Content starts

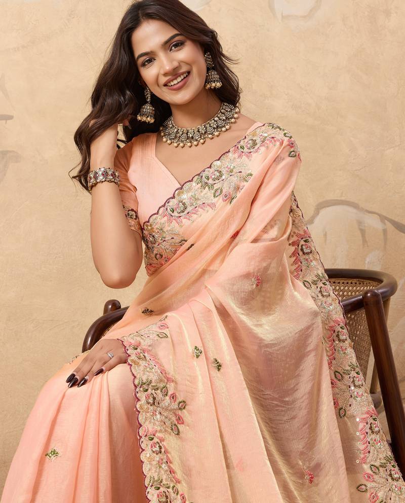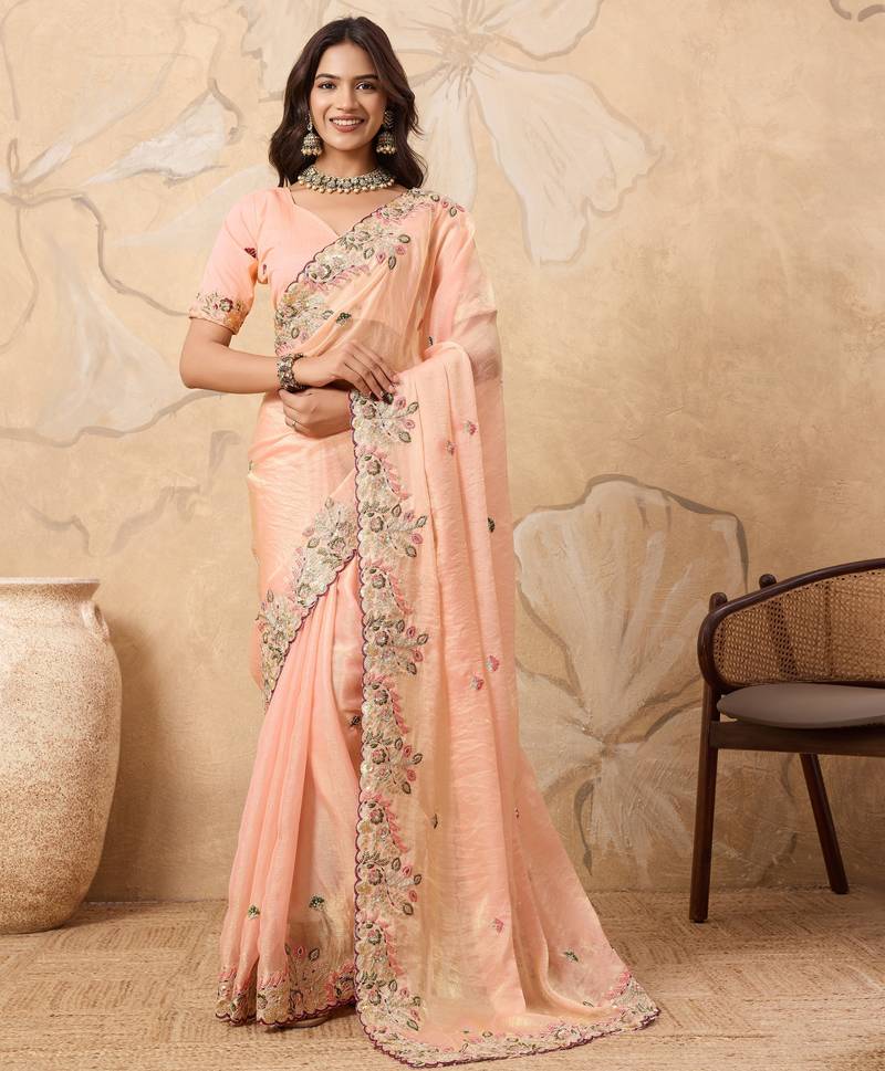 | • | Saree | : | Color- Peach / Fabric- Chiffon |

Content ends
Content starts

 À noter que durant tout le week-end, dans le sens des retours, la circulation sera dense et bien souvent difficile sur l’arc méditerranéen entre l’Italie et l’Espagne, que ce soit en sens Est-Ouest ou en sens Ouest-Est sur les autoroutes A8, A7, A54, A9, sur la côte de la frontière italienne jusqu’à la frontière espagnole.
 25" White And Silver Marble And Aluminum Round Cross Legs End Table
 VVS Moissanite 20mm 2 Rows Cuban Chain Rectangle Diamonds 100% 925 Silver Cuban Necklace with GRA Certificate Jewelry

Content ends

The task →
All that belongs in your answer is the stretch of entries above from the line with "À noter que" through the line with "VVS Moissanite 20mm", printed exactly.

Solution →
 À noter que durant tout le week-end, dans le sens des retours, la circulation sera dense et bien souvent difficile sur l’arc méditerranéen entre l’Italie et l’Espagne, que ce soit en sens Est-Ouest ou en sens Ouest-Est sur les autoroutes A8, A7, A54, A9, sur la côte de la frontière italienne jusqu’à la frontière espagnole.
 25" White And Silver Marble And Aluminum Round Cross Legs End Table
 VVS Moissanite 20mm 2 Rows Cuban Chain Rectangle Diamonds 100% 925 Silver Cuban Necklace with GRA Certificate Jewelry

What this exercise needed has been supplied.